Age, race, education, geographical location
Three of the studies found that age may be important, with older adults having less concerns and/or being more accepting of COVID vaccination. 

The COVID-19 Democracy survey found that people 55 or older were more likely to take the vaccine (74%) compared to those 18 to 24 years old (63%).
The same survey found that white adults were the least likely racial group to accept vaccination, with only 56% willing to be vaccinated compared to 69% of black African adults. Education was another factor, with just 59% of tertiary educated people willing to be vaccinated compared to 72% of this who did not complete high school.

Council for Medical Schemes (CMS) survey found that vaccine acceptance was higher (83%) in urban suburban settings compared to other settings (73% and 78%).
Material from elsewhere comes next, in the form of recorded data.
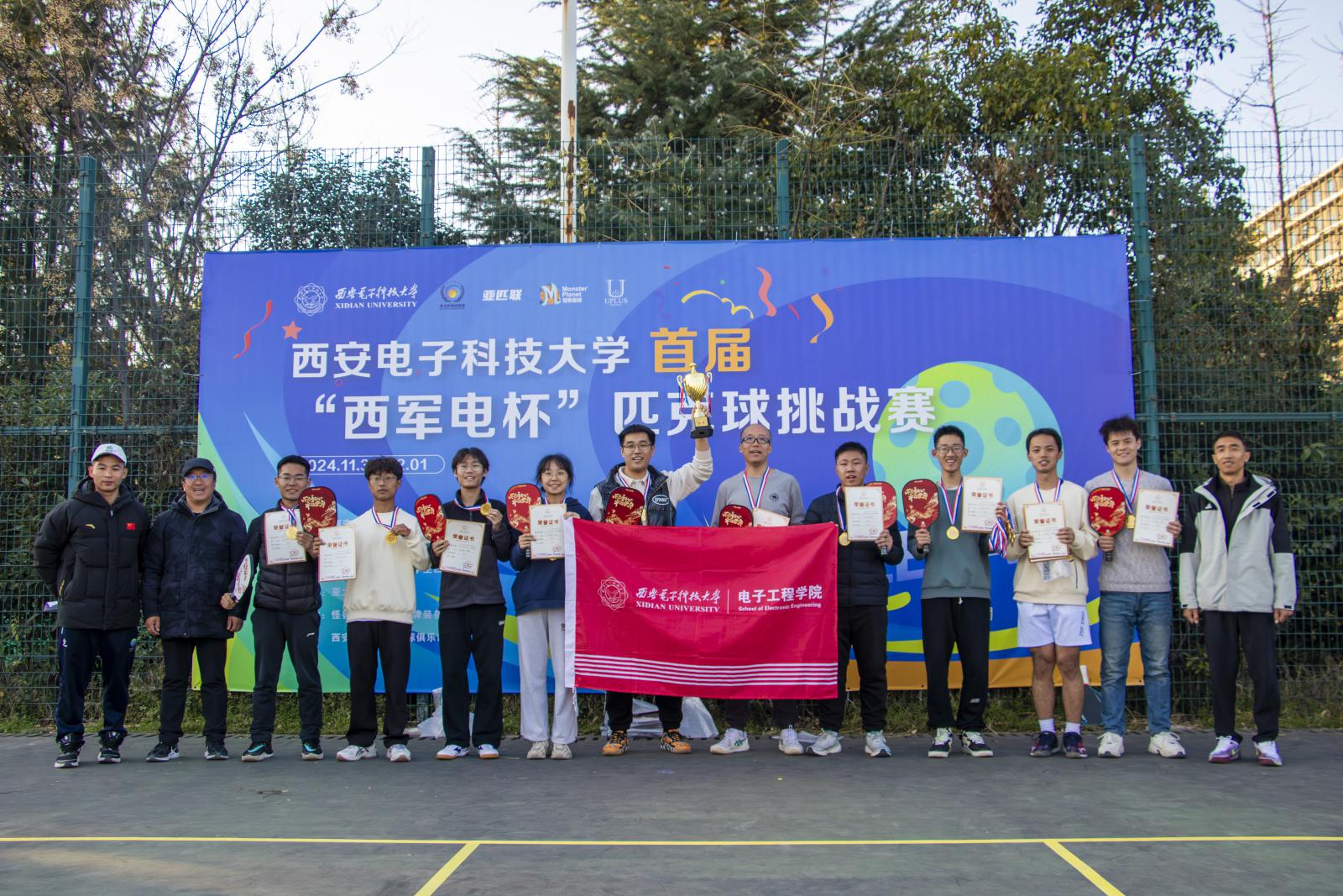 匹克球作为体育界的新潮运动,近年来逐渐走进校园,首届“西军电杯”匹克球挑战赛应运而生。本次比赛吸引了学校各学院共14支代表队参赛,每场比赛分为第一男双、教工双打、师生双打、混合双打和第二男双5局比赛。威尼斯9499登录入口代表队在比赛中表现出色,师生默契配合,战术运用得当。小组赛中,代表队以两场5:0的战绩小组头名出线,晋级8强。随后的淘汰赛和半决赛中,代表队分别以3:1和3:2战胜对手,顺利闯入决赛。决赛中大家越战越勇,一鼓作气,以3:0战胜对手,夺得首届“西军电杯”匹克球团体赛冠军。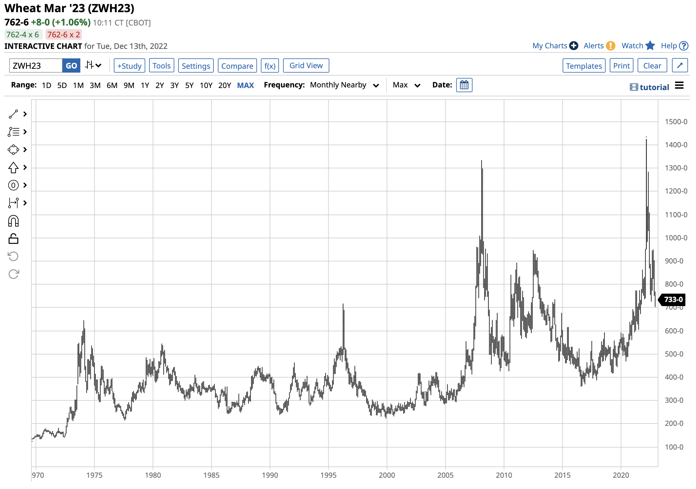 The long-term corn futures chart illustrates at over $6.50 per bushel for March delivery; corn is sitting at its highest price since 2013 in late 2022.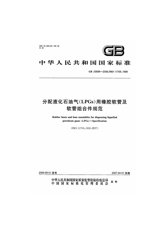 GB 20689-2006 分配液化石油氣(LPGs)用橡膠軟管及軟管組合件規(guī)范pdf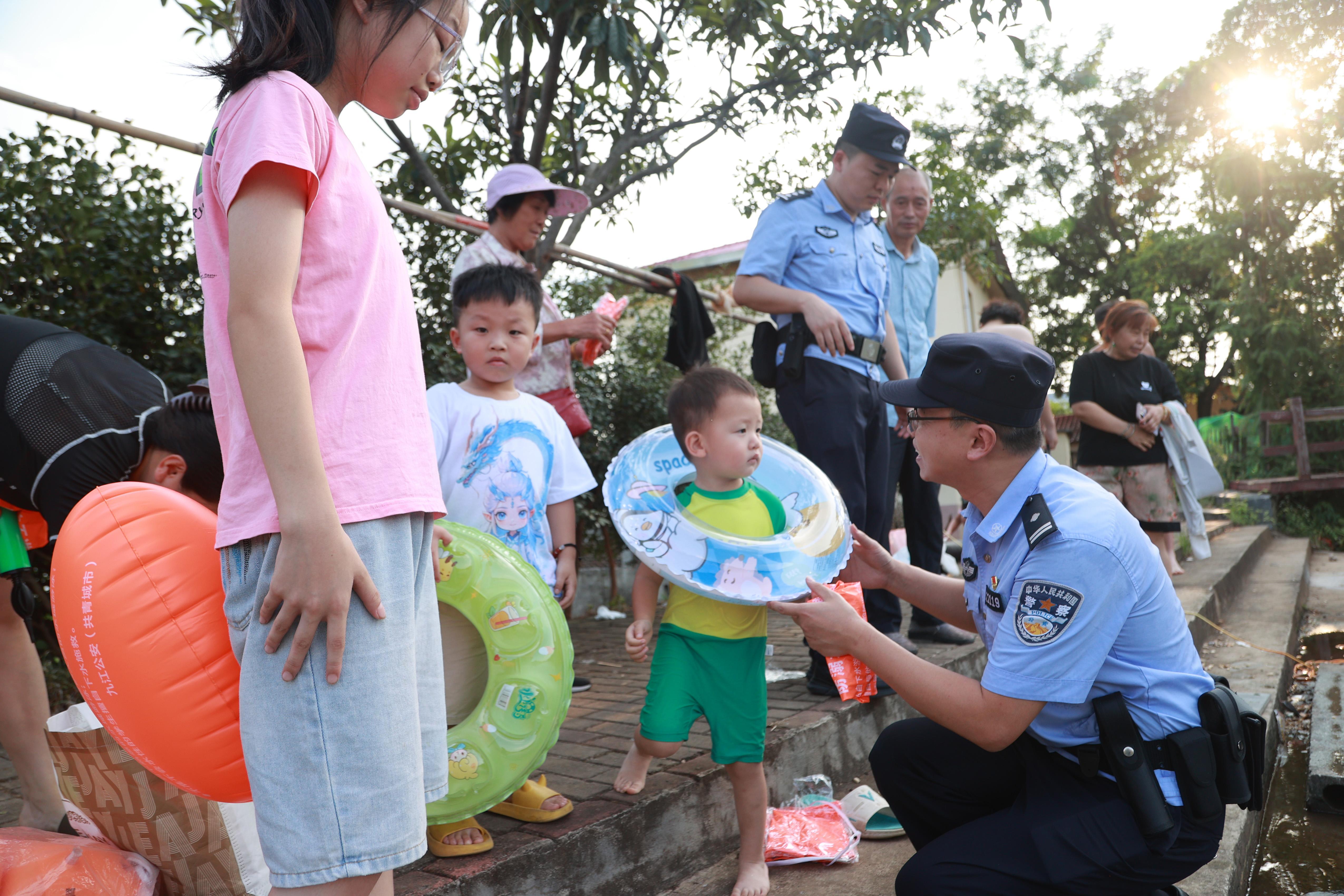 图为7月30日,民警在乡村池塘开展防溺水知识宣讲并向小朋友赠送救生浮袋。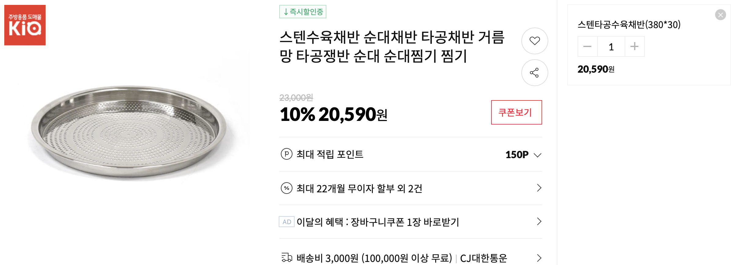 스텐 뚜껑은 타공 채반을 잠시 옆에 빼둘 때 스텐 믹싱볼을 올려둘 때 쓸 예정. - 구매처 (45,900원. 배송료 포함 @ 2024.10.16.)

Doubts about safety significant
Three rounds of Ipsos survey data showed a huge drop in acceptance from 64% in July/August and 68% in October to 53% in December. Of those not accepting, concern about side effects as a reason rose from 30% in October to 65% in December.

The Ask Afrika survey indicated that stopping the roll-out of the AstraZeneca vaccine early this year reduced both levels of trust in vaccine safety and confidence in the process. 

Of particular concern were several surveys indicating South African antipathy to all vaccines; in the Ipsos surveys, about a quarter refusing COVID vaccines were also opposed to vaccines in general. Thus, this hesitancy to COVID vaccines, the authors suggest, is just the tip of the iceberg of South African vaccine hesitancy.  Indeed, the Africa CDC survey indicated that at least one in five South Africans were less likely to get vaccinated in general than before the pandemic.

More research and targeted messaging needed
Overall, the authors found about a third of the adult South African public is hesitant towards COVID vaccines. Age, race, education, geographic locations and possibly gender all influence the social nature of vaccine acceptance in South Africa.

The authors conclude that responding to vaccine hesitancy, including COVID vaccine hesitancy, requires a better understanding of the often complex and multi-layered issues influencing vaccination views and practices, and tailoring interventions accordingly. Individualistic, decontextualised, and ‘one-size-fits-all’ approaches are unlikely to have great success.